Work item: Would you return exactly the lines below from the line with "After dinner we" through the line with "只见袁姗姗对着镜头,化妆师正", both included, and nothing else, leaving out the pictures?

Collected data

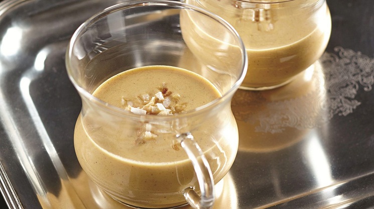 Blend 6 eggs and ¾ bottle coconut rum at high speed. Next, lower speed and blend with it 14 oz evaporated milk, 10 oz condensed milk, 2 3 oz liquid dark chocolate, 1 tbsp vanilla and a cup of brandy. Serve chilled in short, wide mugs.
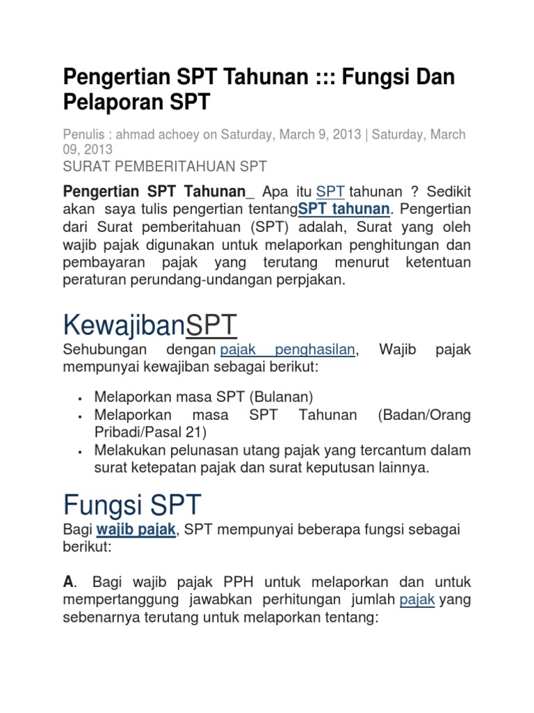 BAB IV PENUTUP 4.1. Ringkasan Pengertian Surat Pemberitahuan (SPT) adalah surat yang oleh Wajib Pajak digunakan untuk melaporkan
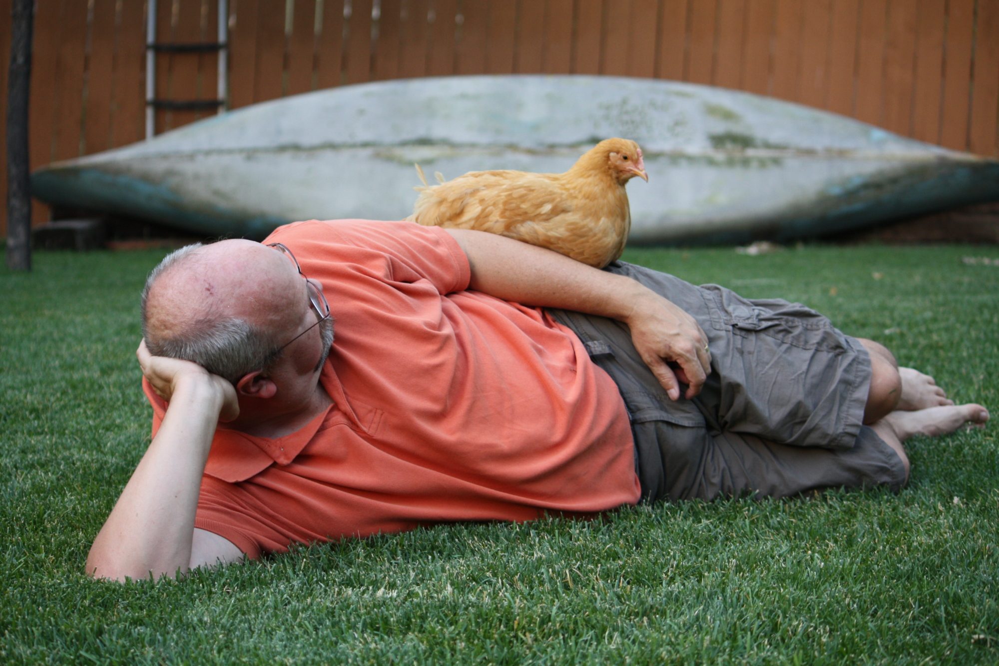 After dinner we went out on the deck and watched the pullets and the ducks wandering around the yard...doing what they do. We've only had these birds since early April, but it didn't take long for the chicken stories to start flowing...it was a great time.
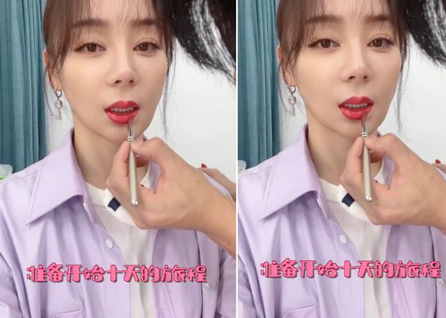 只见袁姗姗对着镜头,化妆师正在为她涂口红,相比于之前可以说是瘦了很多,一张精致的小v脸,尖尖的下巴楚楚动人。不过整体看下来鼻子好像有一点突兀,不知道是高光原因还是什么,鼻头非常亮。
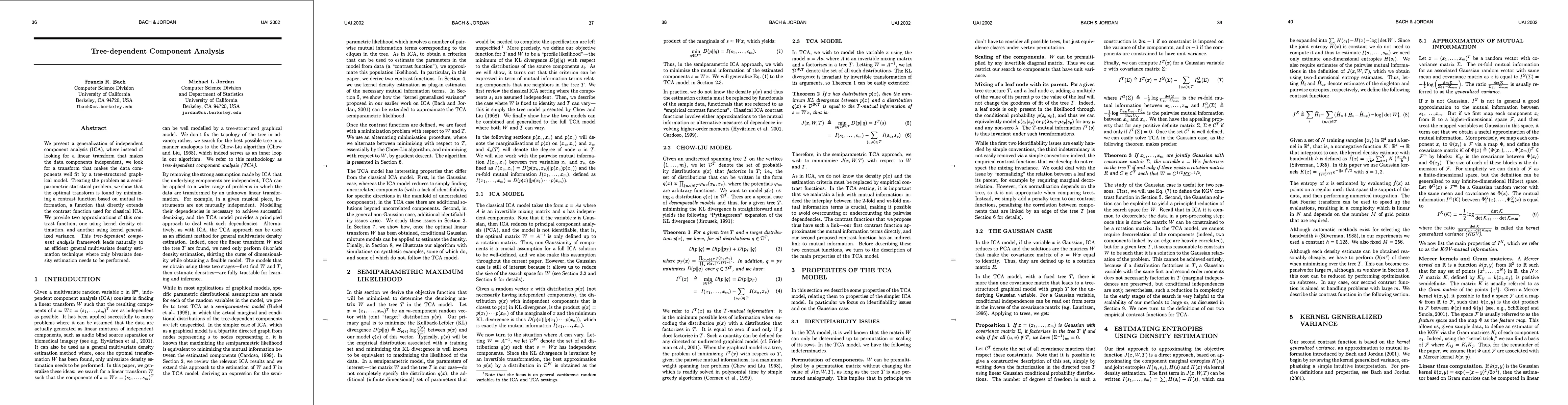 This paper generalizes independent component analysis to tree-dependent component analysis, optimizing a transform based on mutual information to fit data components with a tree-structured model. It provides two methods for approximating this contrast function, leading to efficient multivariate density estimation.
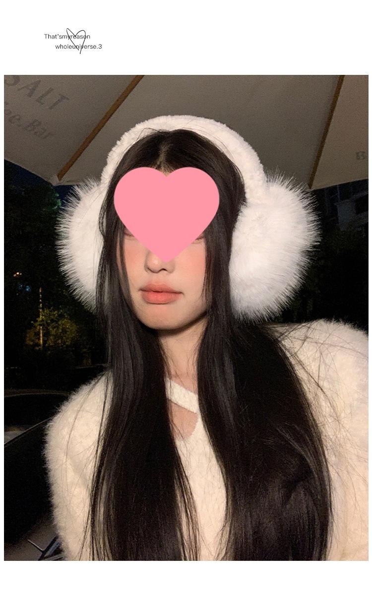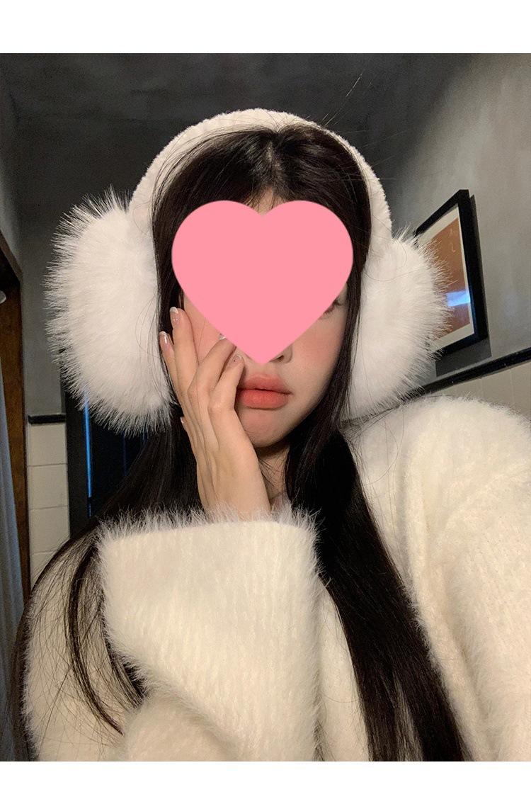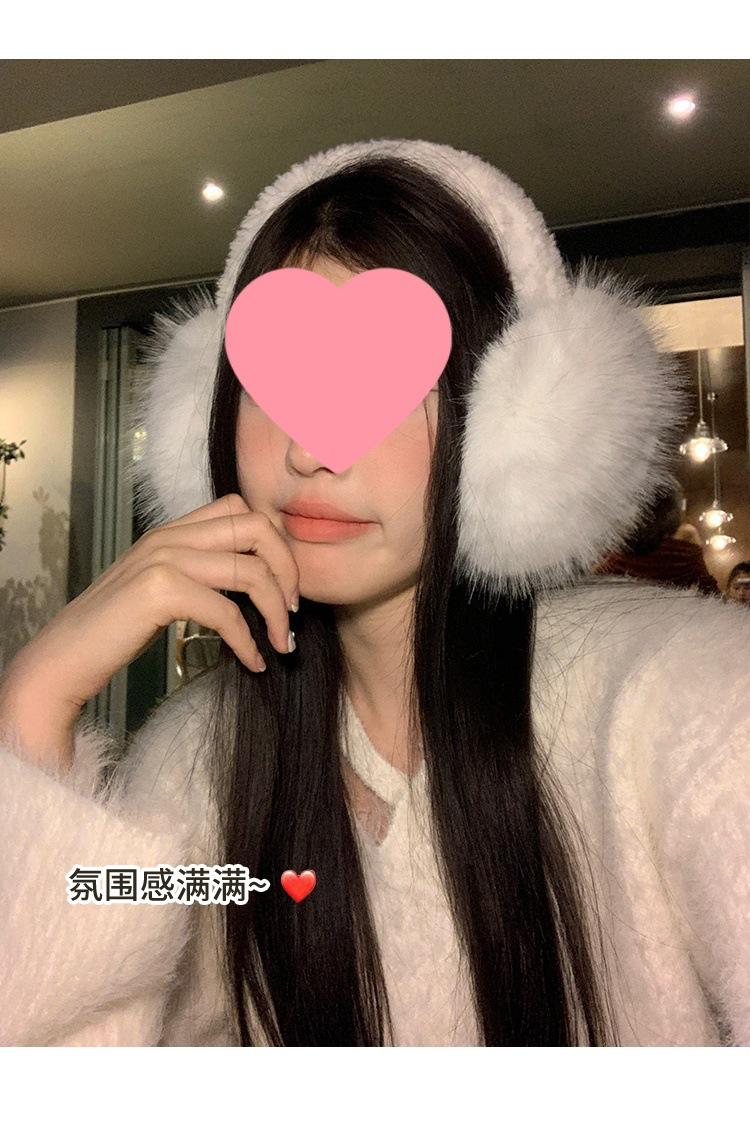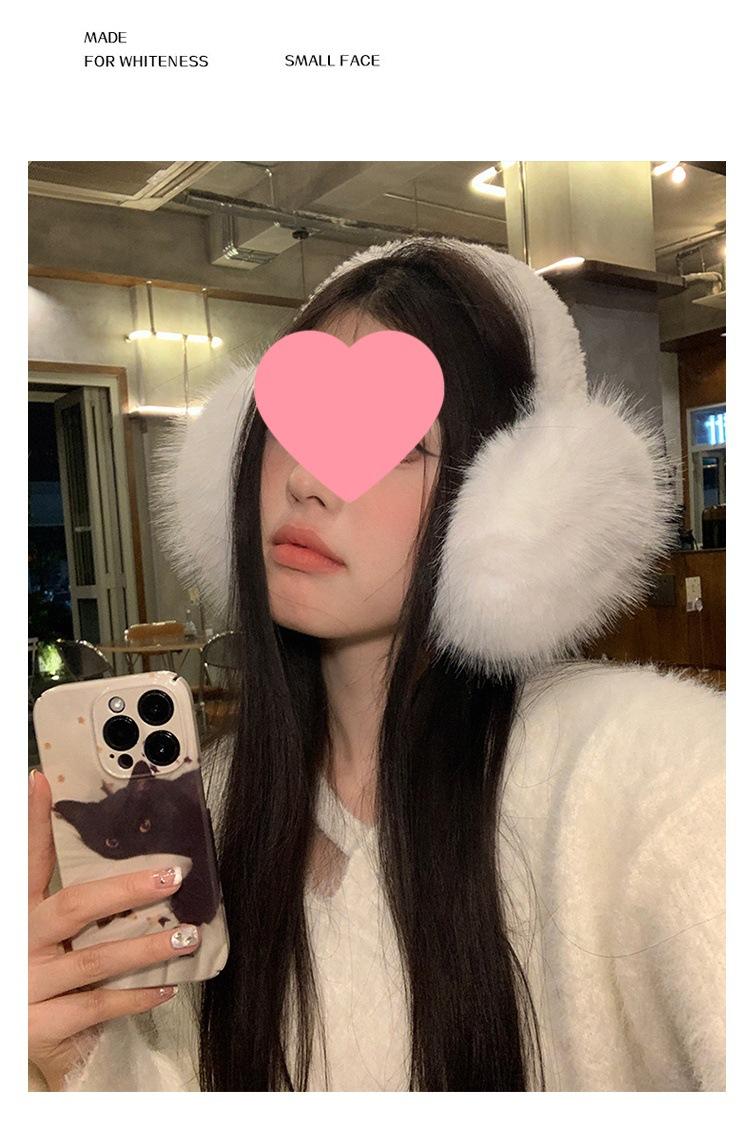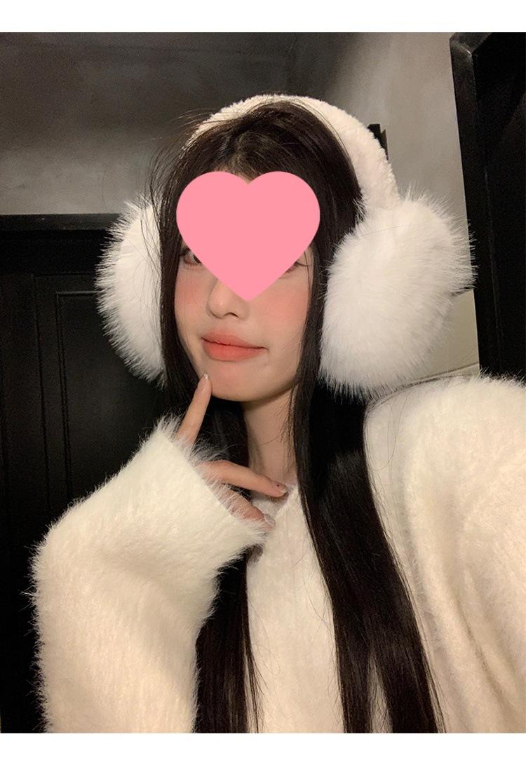 Capa de orelha de pelúcia macia e fofa de pelo de coelho branco para ciclismo, máscara de ouvido anticongelante, máscara de ouvido de inverno para mulheres, à prova de vento, quente
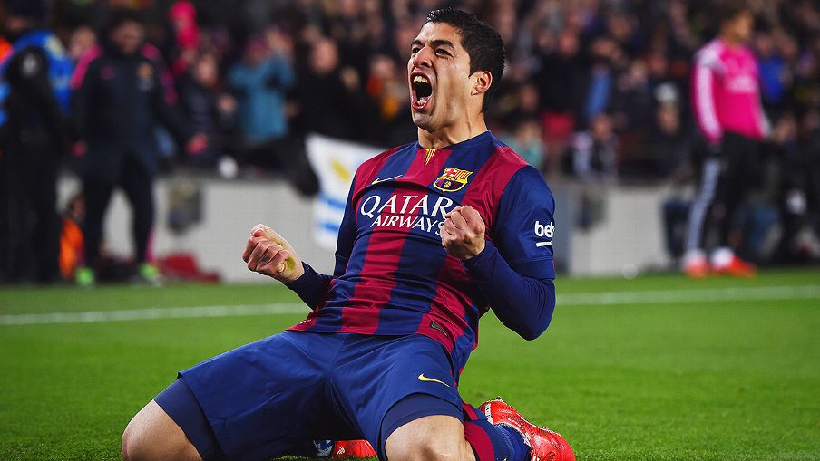 Suarez akishangilia vikali baada ya kuishindilia bao la Ushindi Real

Task output:
 After dinner we went out on the deck and watched the pullets and the ducks wandering around the yard...doing what they do. We've only had these birds since early April, but it didn't take long for the chicken stories to start flowing...it was a great time.
 只见袁姗姗对着镜头,化妆师正在为她涂口红,相比于之前可以说是瘦了很多,一张精致的小v脸,尖尖的下巴楚楚动人。不过整体看下来鼻子好像有一点突兀,不知道是高光原因还是什么,鼻头非常亮。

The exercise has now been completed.